CMAQv4+ CONUS Benchmark Tutorial using 12US1 Domain

5.1. Use Cycle Cloud with CMAQv5.4+ software and 12US1 Benchmark data.#

Step by step instructions for running the CMAQ 12US1 Benchmark for 2 days on a Cycle Cloud using beeond parallel filesystem for input data. Note, cpus are required to create the beeond shared filesystem, to copy the data in, and copy the data out. Therefore, it is necessary to leave some cpus available for this work, and to not use all of the cpus in the CMAQ domain decomposition (NPCOLxNPROW)

Input files are *.nc (uncompressed netCDF)

5.1.1. Use the files under the following directory to set up the CycleCloud Cluster to use beeond.#

Using a modified version of the instructions available on this Blog Post, updated for the new CycleCloud version 8.5 and slurm 22.05.10.
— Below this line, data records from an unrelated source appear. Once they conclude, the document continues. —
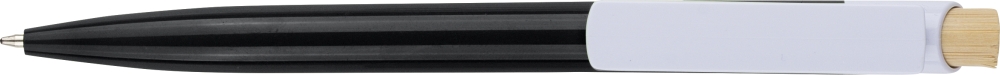 Propiska z recyklovaného ABS plastu s bambusovým tlačítkem a bílým klipem, vhodné pro digitální tisk. Přibližná délka psaní 600 metrů. Modrý inkoust. Rozměry: 1 cm x 1,4 cm x 14,4 cm.
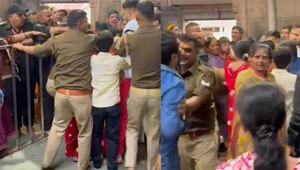 वृंदावन। मंगलवार सुबह ठाकुर बांकेबिहारी मंदिर में अलीगंज से आए श्रद्धालु परिवार और पुलिसकर्मियों के बीच जमकर मारपीट हो गई। मंदिर के एंट्री गेट से बाहर निकलने पर अड़े श्रद्धालु परिवार को रोकने को लेकर हुये विवाद में अन्य श्रद्धालु भी घायल हो गये। पुलिस श्रद्धालुओं को लेकर बिहारीजी पुलिस चैकी पहुंची। घटना के संबंध में अपर पुलिस अधीक्षक नगर राजीव कुमार ने बताया कि मंगलवार प्रातः 10:53 पर कुछ लोगों ने मंदिर में ड्यूटी पर कार्यरत हैड कांस्टेबल राघवेंद्र से अभद्रता मारपीट की जिसके साक्ष्य सीसीटीवी में मौजूद है। घटना के संबंध में मुकदमा दर्ज कर कार्यवाही की जा रही है। आरोपी अभय सिंह,संजय सिंह और राहुल सिंह,सुनीता निवासी अलीगंज एटा को हिरासत में लिया गया है
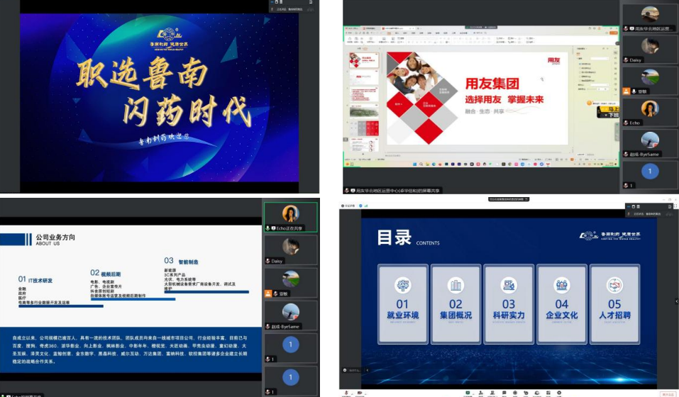 会议伊始,张颖介绍了我院的人才培养质量及2024届毕业生的基本情况。随后,各用人单位进行线上宣讲,各企业就企业概况、企业文化、岗位需求、发展前景及薪资待遇等进行了详细介绍,以便毕业生更好了解企业情况,选择适合自己的岗位。最后,毕业生与各企业代表就选才标准、未来发展、薪资待遇等方面进行了深入交流,有二十余名毕业生向心仪企业递交了简历。
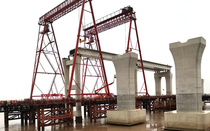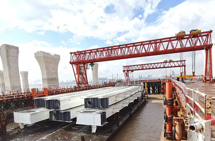 杭甬項(xiàng)目濱?;ネㄆ磳挊蚝?座匝道橋設(shè)計(jì)鋼箱梁493片,其中疊合梁297片,全部在舟山長(zhǎng)虹鋼結(jié)構(gòu)有限公司生產(chǎn)。疊合梁是由裸梁經(jīng)過(guò)再加工而成的。疊合梁厚度一樣,寬度不等,長(zhǎng)度在20米到60米之間,最重達(dá)170噸。由于前期在濱?;ネńǔ尚读赫竞吞崃赫?,復(fù)雜的審批手續(xù)履行完畢,告別通過(guò)石化區(qū)碼頭卸裝和長(zhǎng)途車(chē)輛運(yùn)輸費(fèi)時(shí)費(fèi)力、成本高的歷史,于10月25日正式投入使用,裝著6片鋼箱梁的貨船駛進(jìn)卸梁站。通航的順利進(jìn)行,為后面運(yùn)梁、卸梁、安裝梁躺平了道路。由于運(yùn)輸重型梁的條件具備,該項(xiàng)目從舟山將疊合梁裝上千噸級(jí)貨船,在海上航行數(shù)小時(shí)抵達(dá)濱海互通,在有關(guān)人員操控下,利用卸梁站、提梁站、卸貨平臺(tái)和4臺(tái)龍門(mén)吊、2臺(tái)履帶吊,采取提卸、裝運(yùn)、架設(shè)一條龍施工模式,加快了施工進(jìn)度。之前,為了確保各工序運(yùn)作過(guò)程的科學(xué)合理,項(xiàng)目部編制了便于操作的可行性施工方案,經(jīng)海事、業(yè)主有關(guān)專(zhuān)家對(duì)方案的評(píng)審認(rèn)定,付諸實(shí)施。在安全管控上,項(xiàng)目部高度重視,每天指定現(xiàn)場(chǎng)安全人員緊盯施工過(guò)程,發(fā)現(xiàn)不規(guī)范操作行為,立即叫停,在100%安全的情況下才準(zhǔn)許施工。同時(shí)加強(qiáng)對(duì)卸梁站、提梁站、運(yùn)輸車(chē)輛、履帶吊等特種設(shè)備的安全檢測(cè),不放過(guò)一個(gè)疑點(diǎn),不給事故留下安全隱患。

Full Beeond: BeeGFS on Demand User Manual

Edit the cluster and use the Cloud-init option for your CycleCloud to install the code in the file: beeond-cloud-init-almalinux8.5-HBv3

Do not use the Apply to all option. Select Scheduler and copy and paste the contents of scheduler-cloud-init.sh obtained from github as follows:

wget https://raw.githubusercontent.com/CMASCenter/cyclecloud-cmaq/main/install_scripts/beeond/scheduler-cloud-init.sh

Select hpc and copy and paste the contents of hpc-cloud-init.sh into the shell

wget https://raw.githubusercontent.com/CMASCenter/cyclecloud-cmaq/main/install_scripts/beeond/hpc-cloud-init.sh

Save this setting, and then terminate and then restart the cluster.

5.2. Log into the new cluster#

To find this IP address you need to go to the webpage for your Azure CycleCloud Clusters: https://IP-address/home

Double Click Scheduler,
Under view details double, click scheduler, and a pop-up window will appear
Click on the connect button in the upper right corner.
Copy and past the login command that is provided. It will have the following syntax:

ssh -Y $USER@IP-address

Make the /shared/build directory and change ownership from root to your account.

sudo mkdir /shared/build
sudo chown $USER /shared/build

Make the /shared/cyclecloud directory and change ownership from root to your account.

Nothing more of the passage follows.